Этой фразой тостуемая не ограничилась, произнесла много фраз, но смысл их сводился все к тому же: не твое собачье дело решать, хорошая я или плохая. Это я решаю, хороший ты или плохой, печатать тебя или нет, и не суйся, куда не положено… Автор впал в глубокую озадаченность, поскольку ранее отношения с редактором были вполне приятные – ровно до этого самого комплимента. Задача на самом деле решалась очень просто: право судить – священное право. Человек, решающий чью-либо участь, по определению стоит выше остальных. Хотя бы потому, что тот, кто судит, – сам не судим. На общих основаниях, во всяком случае.
Однако даже если ни о какой участи речь не идет, а идет о «жизни вообще», священное право судить все равно существует, и чтобы получить его, не надо заканчивать юридический факультет и стремиться к мантии, не надо становиться редактором и вообще начальником. Надо просто судить – вот и все. И тогда сам будешь не судим. Потому что тот, кто первый скажет, что кругом одни дураки и воры, сам автоматически оказывается на позиции умного и честного. Кто говорит «мы жестокие» – сам милосердный, «мы безнравственные» – нравственный… Кто призывает «покайтесь», даже если совсем не похож на Иоанна Предтечу, – сам не кается. Он наблюдает, комментирует, оценивает, выносит вердикт о качестве процесса, в котором сам, повторю, участия не принимает. Даже если от такого судейства никаких ощутимых перемен в мире не происходит, судящему все равно приятно. Потому что всегда приятно осознавать себя лучше остальных, не предпринимая для этого никаких личных усилий.
«Россия должна извиниться и покаяться за оккупацию Эстонии, Латвии и Литвы», – заявил российский народный артист Александр Розенбаум. «Конечно, мы оккупанты Эстонии, Латвии и Литвы. Время было такое. И так сложилось. Но нужно извиниться и покаяться», – сказал он в интервью «Аргументам и фактам».

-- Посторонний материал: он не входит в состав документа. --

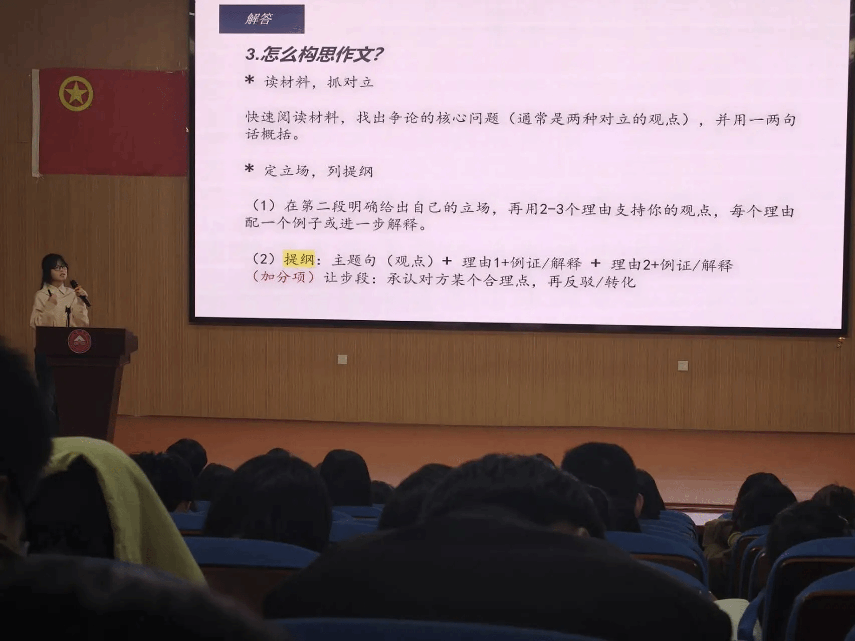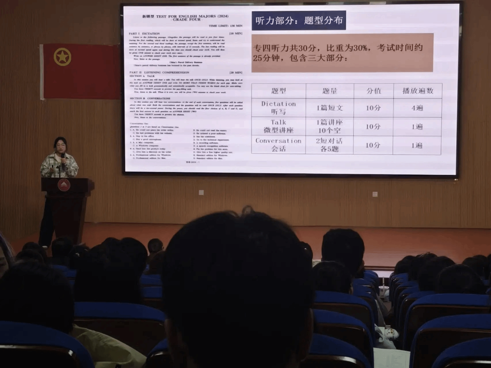 分享会伊始,首先由外国语学院副院长卓玲老师进行讲话,卓院长通过向同学们展示我院历年专业四级的通过率,肯定了老师们的责任感和同学们的踏实感,同时也讲到我们在备考期间要学会用压力去激发潜力,要科学备考,以及善于利用周围的资源,主动寻求帮助等方法。接下来由优秀学生代表上台进行专业四级经验分享。首先上台发言的是张庆玉学姐,张庆玉学姐围绕听力部分的题型、评分标准、做题步骤、听力时间规划、优质听力资源等方面进行讲解,有效加强了同学们听力的应试技巧;接下来上台分享的是陶志华学长,陶志华学长从近义词辨析题、动词词组辨析题、固定搭配题等多种题型讲解做题以及积累方法,此外学长还提到在语法练习方面要先抓大点再抓小点;然后就是由张知鱼学姐进行分享,张知鱼学姐围绕阅读理解往年考题话题分析、选择题正确选项特征等方面告诉同学们一些应试技巧;接着就是由邱晓丹学姐进行作文经验分享,邱晓丹学姐讲述了专四作文和四六级作文的区别,以及如何构思作文,作文观点如何确定,并向同学们推荐了一些相关的作文资料,帮助大家更好的备考。最后由外国语学院党委副书记曹金萍老师进行总结,曹书记叮嘱同学们,要主动养成阅读原著的习惯,坚持每日自省、及时反思,真正做到沉下心来沉浸式学习,同时也要善于借鉴学长学姐的宝贵经验,将其灵活运用到学习与备考中。最后,她向即将迎战专业四级考试的24级全体同学送上真挚祝福,祝愿大家从容应考、取得佳绩,本次活动也在温暖的期许中圆满落下帷幕。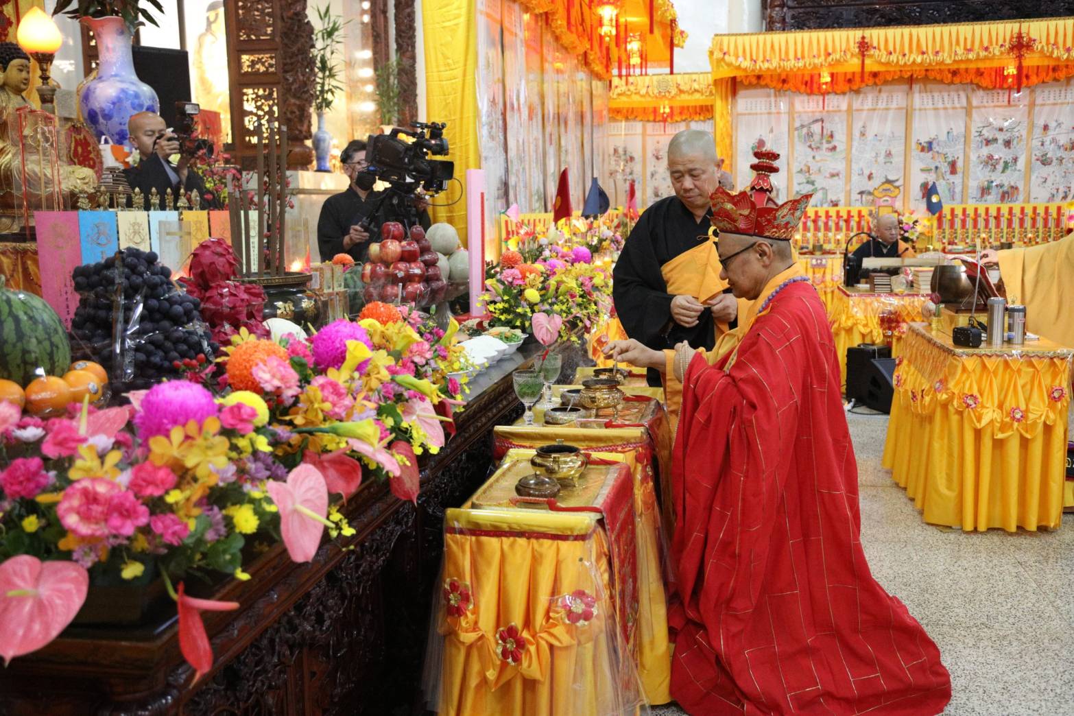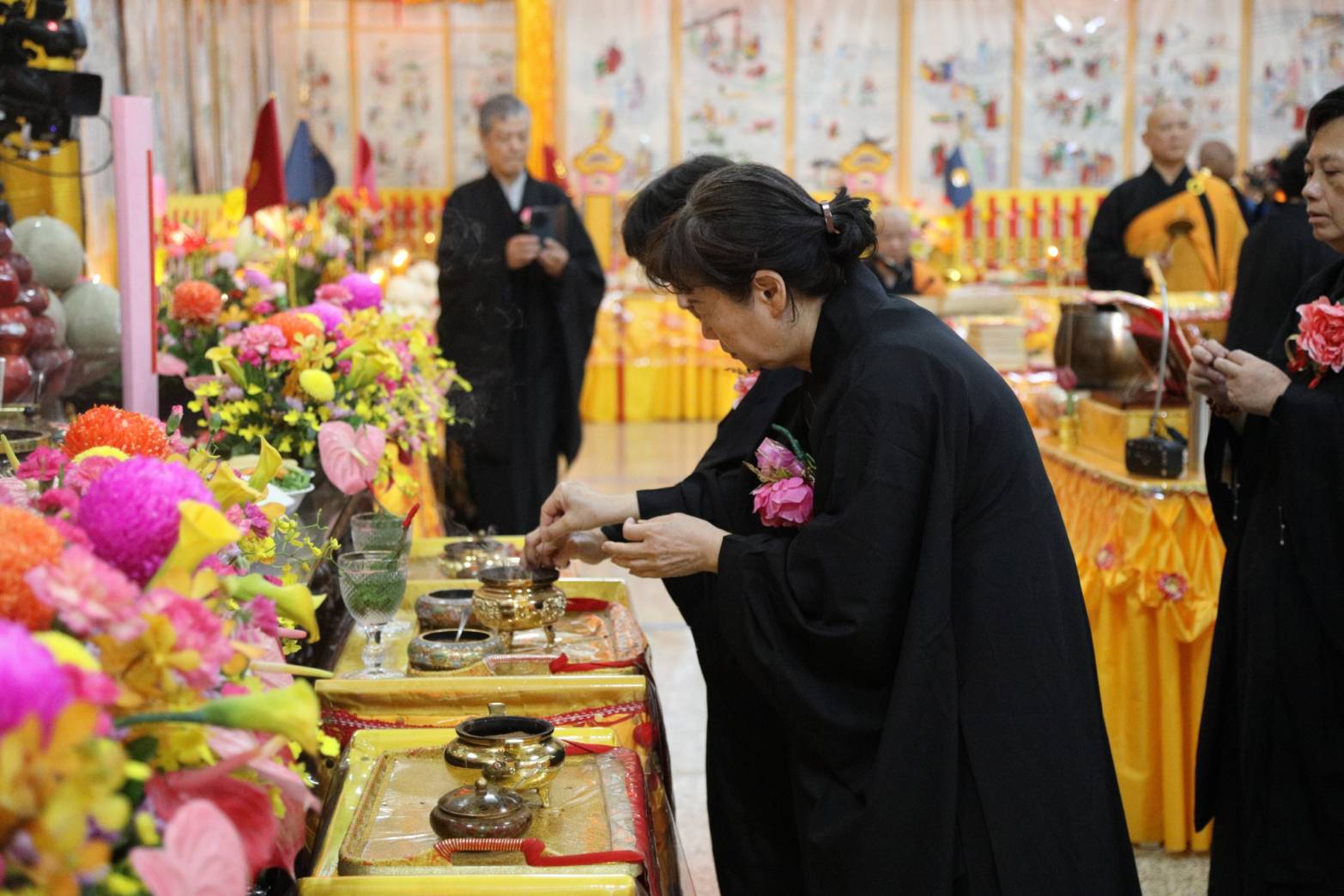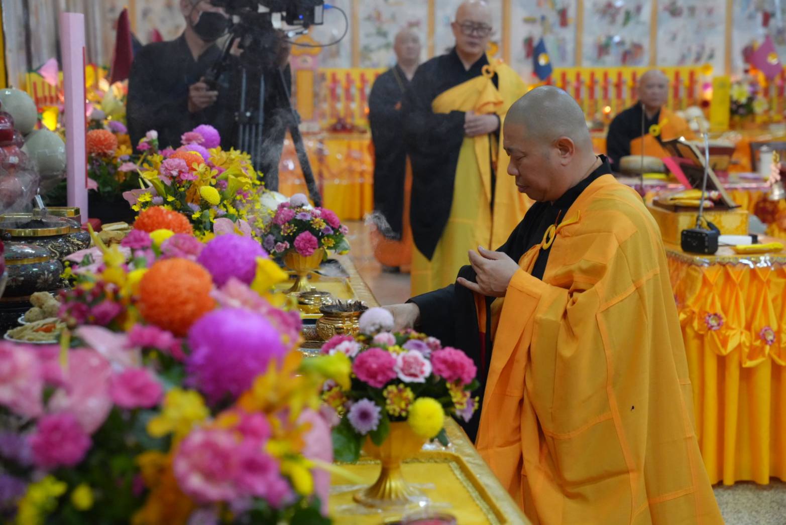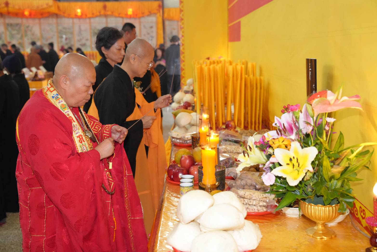 舉讚畢,正表、助表執手爐,領主法至第1〜10席上香。上傳下敦師父和齋主隨後依次各席上香,至韋馱菩薩、伽藍菩薩。

«Сила человека в умении попросить прощения. Ничего в этом страшного нет. Государственные люди набедокурили в прошлом веке, давайте на государственном уровне закроем этот вопрос и извинимся. Мы же по-настоящему не покаялись даже перед самими собой», – добавил Розенбаум».
Подобного высокоморального продукта еще лет 10–15 назад было полно, те, кто уловил суть (см. выше) и был расторопнее прочих, требовали каяться во всем, да и сейчас этого добра хватает.
И вроде бы хорошее дело – признавать вину, в том числе историческую, т. е. ту, к которой ты напрямую непричастен. Немцы, например, даже не воевавшие, ездили помогать людям в страны, где отцы натворили бед. Германия и сейчас официально во всем виновата, продолжает платить жертвам и их потомкам. Хотя, по всему видно, на восьмом десятке после войны ей это уже начинает надоедать – фильмы снимают, книги пишут о том, что они так вот сражались за родину. Срока давности у такого рода преступлений нет, но по-человечески немцев можно понять. Быть вечно да еще и официально виноватым – с ума сойдешь.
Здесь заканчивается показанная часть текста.